Records excerpted from a collection
== Segment start ==

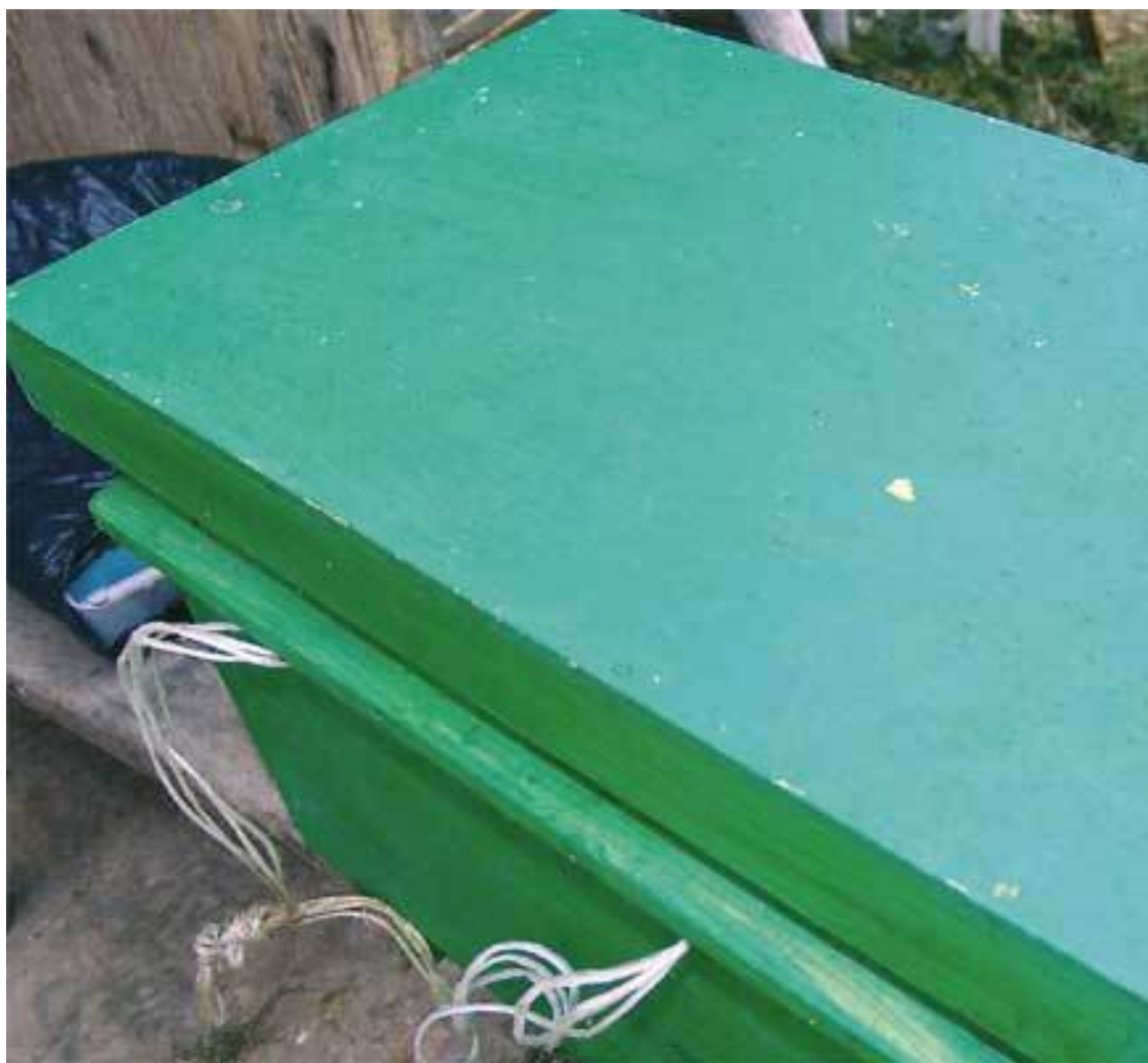
Переносной ящик – вещь в хозяйстве необходимая
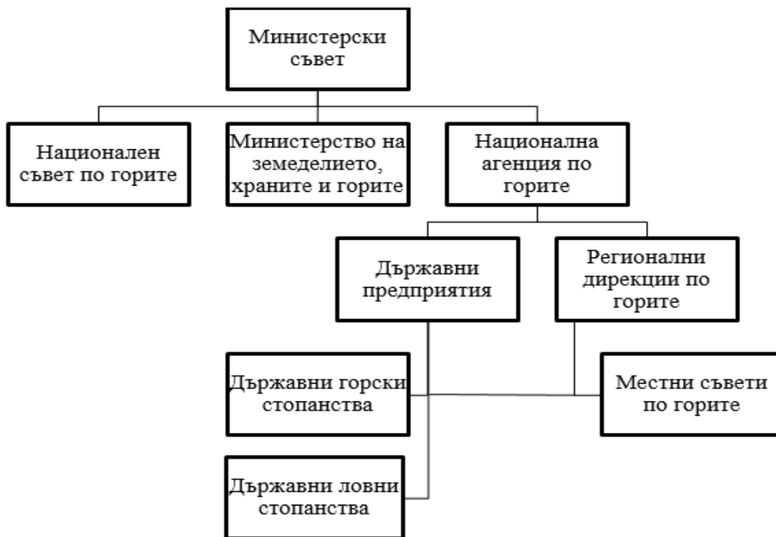
Фигура. Нова институционална структура на управление на държавните предприятия

За подобряване на процеса на управление и вземане на стратегически решения, е предложено създаване на Местни съвети по горите, които да включват представители на заинтересованите страни на локално ниво. Такива могат да бъдат: представителни на НПО, обществеността, представители на местните власти, регионалните дирекции по горите, регионалните инспекции по околна среда и др. Чрез тези местни съвети ще могат да се отчитат специфичните проблеми на съответните горски райони, местни традиции и регионални икономики. Всичко това дава възможност за вземане на ефективни решения в посока подобряване на състоянието на горите и тяхното многофункционално стопанисване, отчитайки местната бизнес среда и ползите за местните общности. Това ще позволи вземането на решения да е в посока „отдолу – нагоре“, като това дава възможност за по-добро отчитане на проблемите и предлагането на решения от хора по-близо да самия проблем, което ще доведе до подобряване на стратегическото управление на ДП, ДГС и ДЛС и съобразяване с териториалните особености.
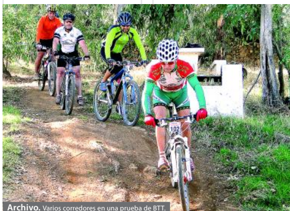
Varios corredores en una prueba de BTT.

REDACCIÓN. La IX Marcha en Bicicleta de Montaña 'Fernando Torres Martín', organizada por la Agrupación Cicloturista de Llerena, se celebra el domingo 4 de marzo. Esta prueba está incluida en los circuitos de cicloturismo regional y nacional, siendo puntuable para la V Ronda Cicloturista de BTT y para Circuito de España de BTT.
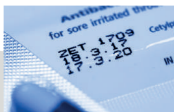
CAIXAS DE MEDICAMENTOS
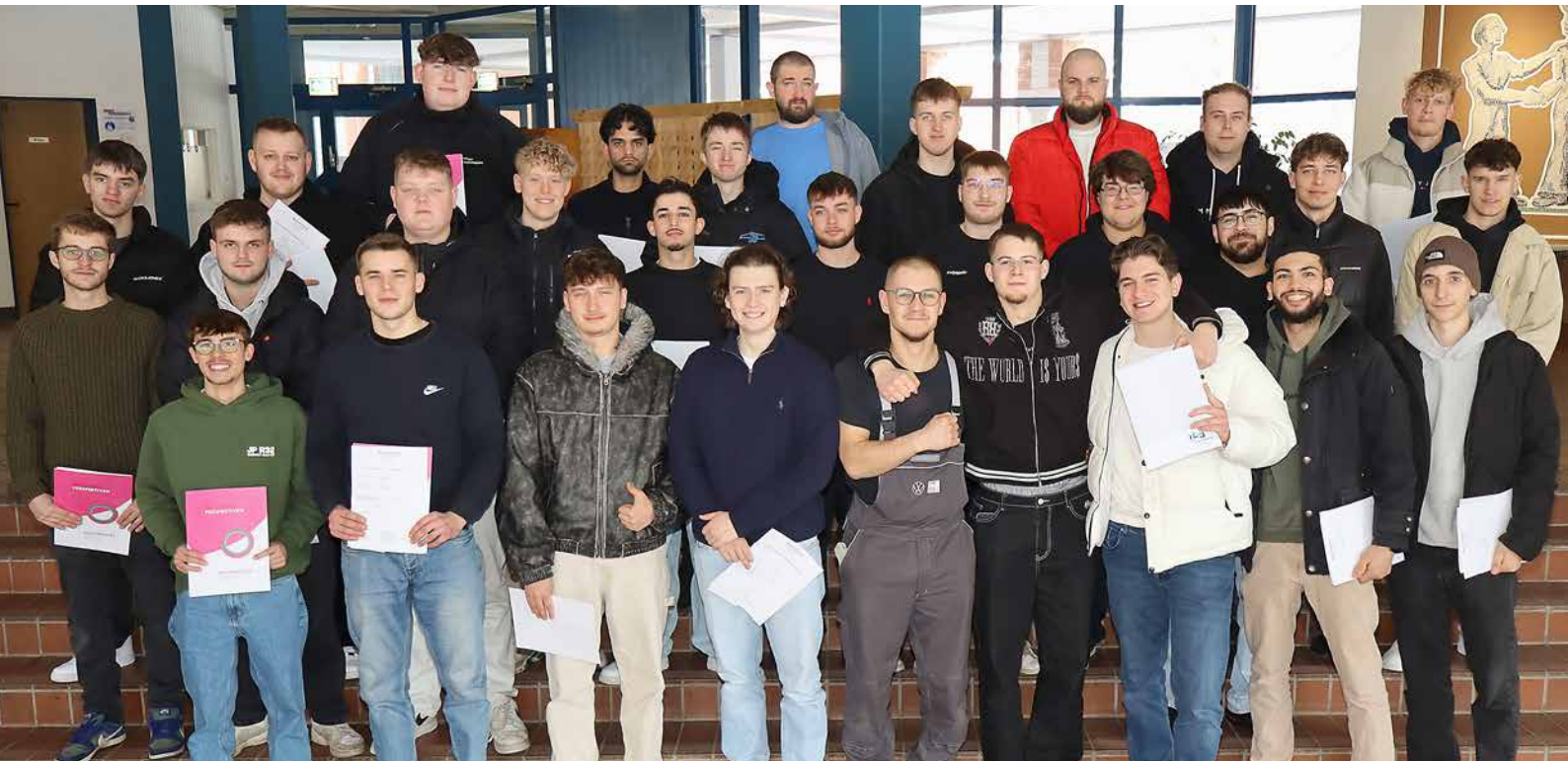
Diese Absolventen erhielten im HBZ Minden ihre Prüfungsbescheinigungen, die ihre Qualifikationen als Kfz-Mechatroniker für Nutzfahrzeuge, für Pkw oder für System- und Hochvolttechnik belegen.

== Segment end ==

Required work
Isolate the lines above that contain the word "prueba" and copy them.

Result for this task
Varios corredores en una prueba de BTT.
REDACCIÓN. La IX Marcha en Bicicleta de Montaña 'Fernando Torres Martín', organizada por la Agrupación Cicloturista de Llerena, se celebra el domingo 4 de marzo. Esta prueba está incluida en los circuitos de cicloturismo regional y nacional, siendo puntuable para la V Ronda Cicloturista de BTT y para Circuito de España de BTT.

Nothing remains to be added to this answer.